INFORMATION GIVEN:
---+---

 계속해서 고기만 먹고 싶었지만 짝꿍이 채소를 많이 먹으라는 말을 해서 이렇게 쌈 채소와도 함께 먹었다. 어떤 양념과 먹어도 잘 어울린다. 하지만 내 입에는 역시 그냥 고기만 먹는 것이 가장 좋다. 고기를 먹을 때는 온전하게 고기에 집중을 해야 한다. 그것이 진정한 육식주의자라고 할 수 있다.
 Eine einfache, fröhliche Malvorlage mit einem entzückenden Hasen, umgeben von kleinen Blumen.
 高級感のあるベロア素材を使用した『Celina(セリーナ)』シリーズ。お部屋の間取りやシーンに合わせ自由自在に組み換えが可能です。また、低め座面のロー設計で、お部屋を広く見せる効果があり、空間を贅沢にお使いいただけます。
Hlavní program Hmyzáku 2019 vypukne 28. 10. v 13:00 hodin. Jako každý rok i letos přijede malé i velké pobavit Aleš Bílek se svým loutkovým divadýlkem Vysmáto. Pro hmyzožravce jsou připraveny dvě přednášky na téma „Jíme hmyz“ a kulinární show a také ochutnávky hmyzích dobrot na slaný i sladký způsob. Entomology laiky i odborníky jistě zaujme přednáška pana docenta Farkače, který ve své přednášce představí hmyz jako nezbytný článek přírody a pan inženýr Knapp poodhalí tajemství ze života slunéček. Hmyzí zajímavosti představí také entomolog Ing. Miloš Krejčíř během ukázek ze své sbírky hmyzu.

---+---

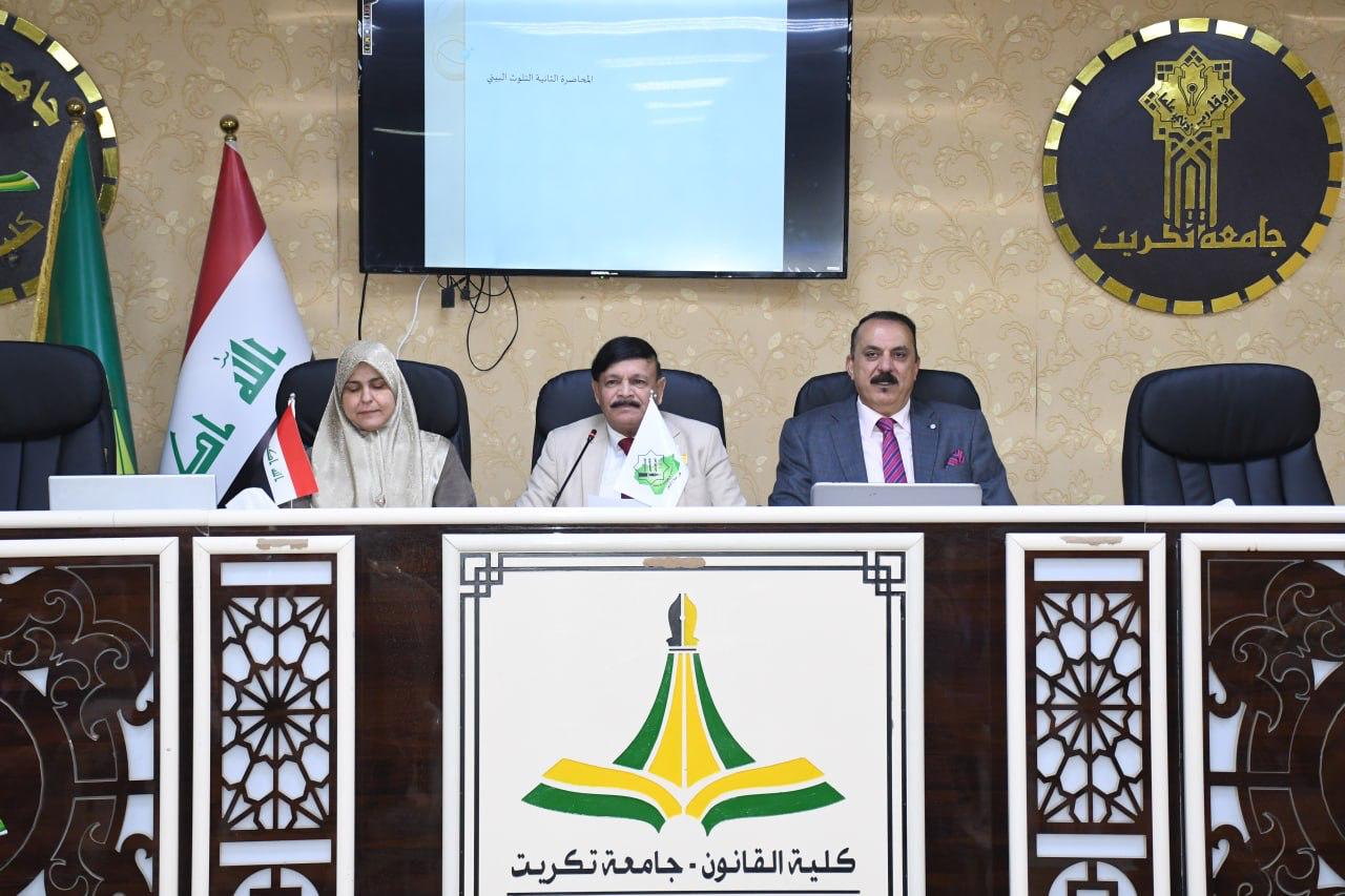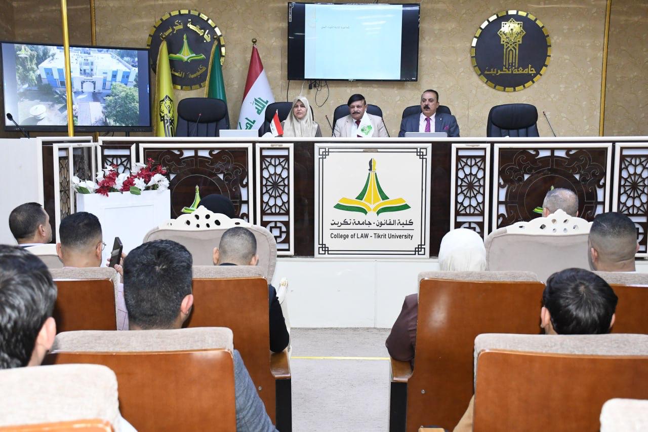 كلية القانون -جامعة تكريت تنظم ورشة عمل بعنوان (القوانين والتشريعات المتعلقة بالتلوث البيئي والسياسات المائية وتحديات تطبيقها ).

---+---

WHAT TO DO:
Set down exactly the lines of the data above, beginning with the line that has "高級感のあるベロア素材を使用" and ending with the line that has "Hlavní program Hmyzáku", and no others.

ANSWER BELOW:
 高級感のあるベロア素材を使用した『Celina(セリーナ)』シリーズ。お部屋の間取りやシーンに合わせ自由自在に組み換えが可能です。また、低め座面のロー設計で、お部屋を広く見せる効果があり、空間を贅沢にお使いいただけます。
Hlavní program Hmyzáku 2019 vypukne 28. 10. v 13:00 hodin. Jako každý rok i letos přijede malé i velké pobavit Aleš Bílek se svým loutkovým divadýlkem Vysmáto. Pro hmyzožravce jsou připraveny dvě přednášky na téma „Jíme hmyz“ a kulinární show a také ochutnávky hmyzích dobrot na slaný i sladký způsob. Entomology laiky i odborníky jistě zaujme přednáška pana docenta Farkače, který ve své přednášce představí hmyz jako nezbytný článek přírody a pan inženýr Knapp poodhalí tajemství ze života slunéček. Hmyzí zajímavosti představí také entomolog Ing. Miloš Krejčíř během ukázek ze své sbírky hmyzu.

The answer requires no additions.